Abstract:
Despite proportional information being ubiquitous, there is not a standard account of proportional reasoning. Part of the difficulty is that there are several apparent contradictions: in some contexts, proportion is easy and privileged, while in others it is difficult and ignored. One possibility is that although we see similarities across tasks requiring proportional reasoning, people approach them with different strategies. We test this hypothesis by implementing strategies computationally and quantitatively comparing them with Bayesian tools, using data from continuous (e.g., pie chart) and discrete (e.g., dots) stimuli and preschoolers, 2nd and 5th graders, and adults. Overall, people\'s comparisons of highly regular and continuous proportion are better fit by proportion strategy models, but comparisons of discrete proportion are better fit by a numerator comparison model.
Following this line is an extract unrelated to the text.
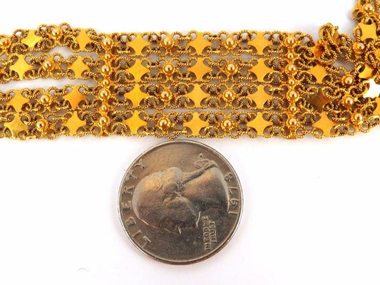 18kt. yellow gold vintage wide caliber bracelet mesh Hinged linked beads 7.50

These systematic differences in strategies suggest that there is not a single, simple explanation for behavior in terms of success or failure, but rather a variety of possible strategies that may be chosen in different contexts.
摘要:
尽管比例信息无处不在,没有比例推理的标准账户。部分困难在于存在几个明显的矛盾:在某些情况下,比例是容易和特权的,而在其他人中,这是困难和被忽视的。一种可能性是,尽管我们看到需要比例推理的任务有相似之处,人们用不同的策略来对待他们。我们通过计算实施策略并将其与贝叶斯工具进行定量比较来检验这一假设,使用来自连续的数据(例如,饼图)和离散(例如,点)刺激和学龄前儿童,二年级和五年级的学生,和成年人。总的来说,人们对高度规律性和连续性比例的比较通过比例策略模型更好地拟合,但是离散比例的比较可以通过分子比较模型更好地拟合。这些系统性的策略差异表明,没有一个单一的,用成功或失败来简单解释行为,而是可以在不同的环境中选择各种可能的策略。